Your instructions: Print the listing below only from the line that has "성동일은 10일 방송된" through the line that has "在光天化日眾目睽睽之下,這倆", exactly, and drop any picture.

Data to use START

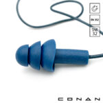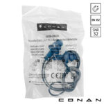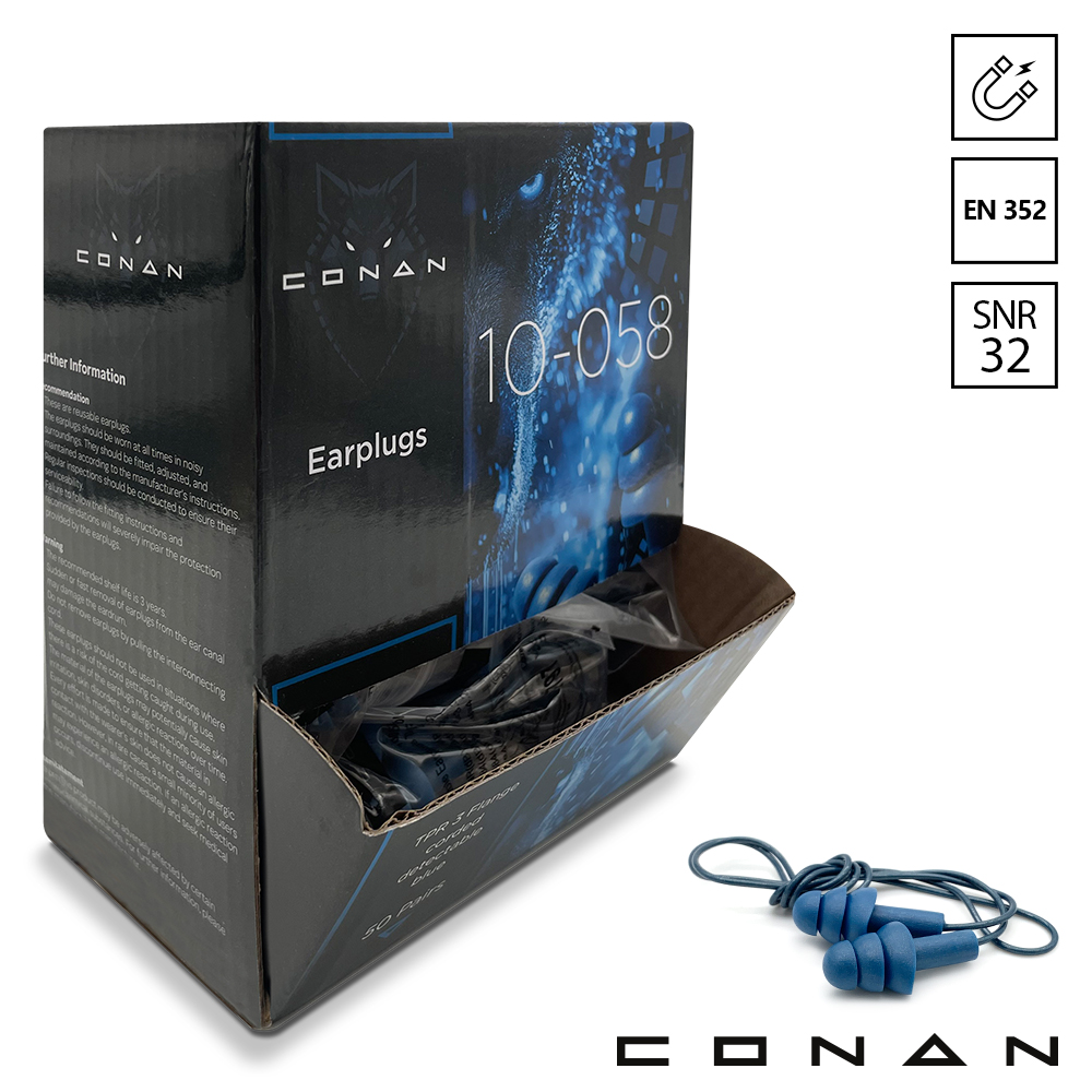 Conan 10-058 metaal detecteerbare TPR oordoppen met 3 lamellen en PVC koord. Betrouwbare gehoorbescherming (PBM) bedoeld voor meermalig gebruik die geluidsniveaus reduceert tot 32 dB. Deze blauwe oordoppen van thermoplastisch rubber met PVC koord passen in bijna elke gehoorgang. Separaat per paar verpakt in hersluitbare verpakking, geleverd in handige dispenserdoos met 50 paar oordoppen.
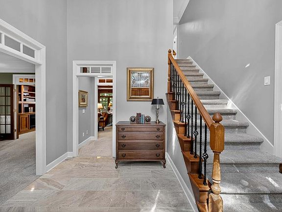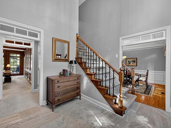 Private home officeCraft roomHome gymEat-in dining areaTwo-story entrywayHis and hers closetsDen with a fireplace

Data to use END
Data to use START

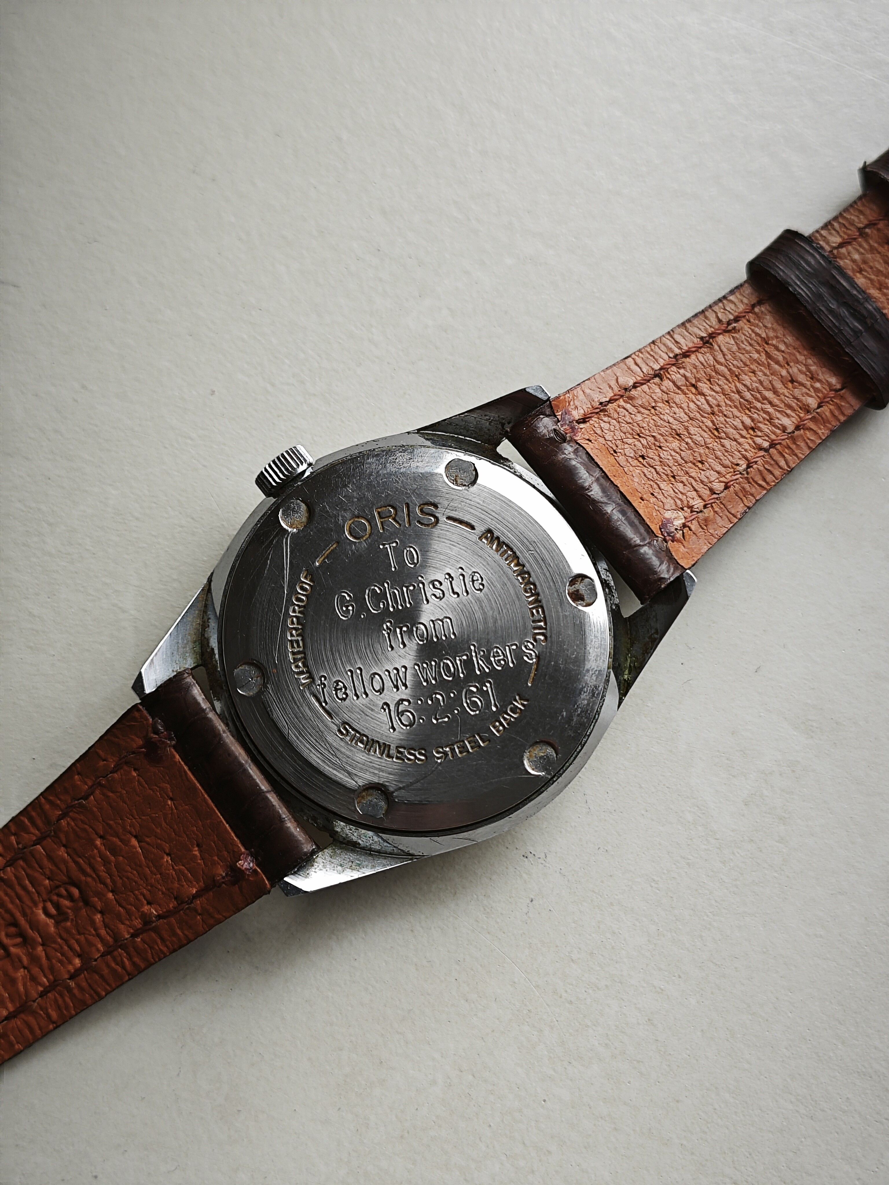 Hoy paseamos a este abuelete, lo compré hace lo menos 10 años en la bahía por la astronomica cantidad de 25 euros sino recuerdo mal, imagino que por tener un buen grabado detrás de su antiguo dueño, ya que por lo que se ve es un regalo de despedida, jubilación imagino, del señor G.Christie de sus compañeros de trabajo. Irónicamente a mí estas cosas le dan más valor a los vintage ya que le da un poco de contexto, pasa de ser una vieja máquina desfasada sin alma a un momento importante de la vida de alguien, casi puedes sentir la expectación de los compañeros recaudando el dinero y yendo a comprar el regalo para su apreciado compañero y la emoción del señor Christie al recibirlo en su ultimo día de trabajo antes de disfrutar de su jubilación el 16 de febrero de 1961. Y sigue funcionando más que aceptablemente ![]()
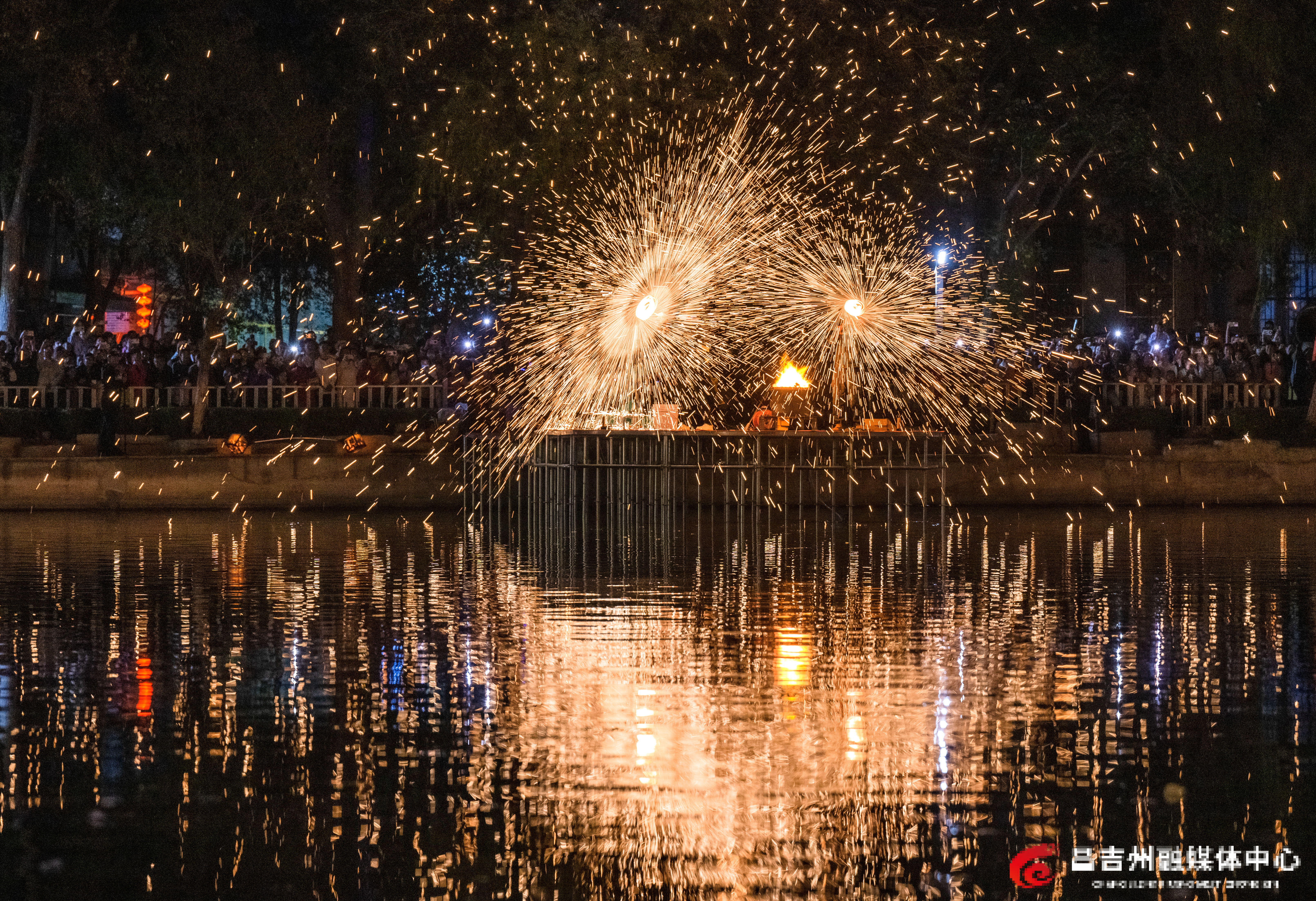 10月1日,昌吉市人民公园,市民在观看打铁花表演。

Data to use END
Data to use START

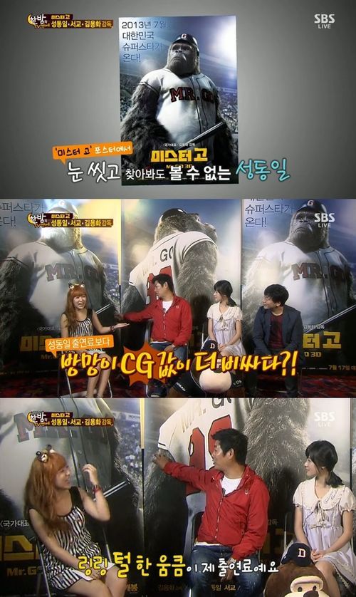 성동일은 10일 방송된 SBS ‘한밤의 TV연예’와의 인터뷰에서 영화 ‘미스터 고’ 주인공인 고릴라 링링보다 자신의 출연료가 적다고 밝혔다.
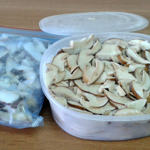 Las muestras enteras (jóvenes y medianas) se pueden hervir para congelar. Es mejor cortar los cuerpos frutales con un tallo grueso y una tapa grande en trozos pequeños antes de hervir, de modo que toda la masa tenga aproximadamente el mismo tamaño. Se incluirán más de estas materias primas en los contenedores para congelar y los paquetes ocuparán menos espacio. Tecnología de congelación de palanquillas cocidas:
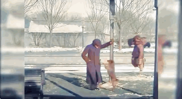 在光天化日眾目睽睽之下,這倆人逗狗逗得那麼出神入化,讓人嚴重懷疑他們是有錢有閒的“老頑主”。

Data to use END

Answer:
 성동일은 10일 방송된 SBS ‘한밤의 TV연예’와의 인터뷰에서 영화 ‘미스터 고’ 주인공인 고릴라 링링보다 자신의 출연료가 적다고 밝혔다.
 Las muestras enteras (jóvenes y medianas) se pueden hervir para congelar. Es mejor cortar los cuerpos frutales con un tallo grueso y una tapa grande en trozos pequeños antes de hervir, de modo que toda la masa tenga aproximadamente el mismo tamaño. Se incluirán más de estas materias primas en los contenedores para congelar y los paquetes ocuparán menos espacio. Tecnología de congelación de palanquillas cocidas:
 在光天化日眾目睽睽之下,這倆人逗狗逗得那麼出神入化,讓人嚴重懷疑他們是有錢有閒的“老頑主”。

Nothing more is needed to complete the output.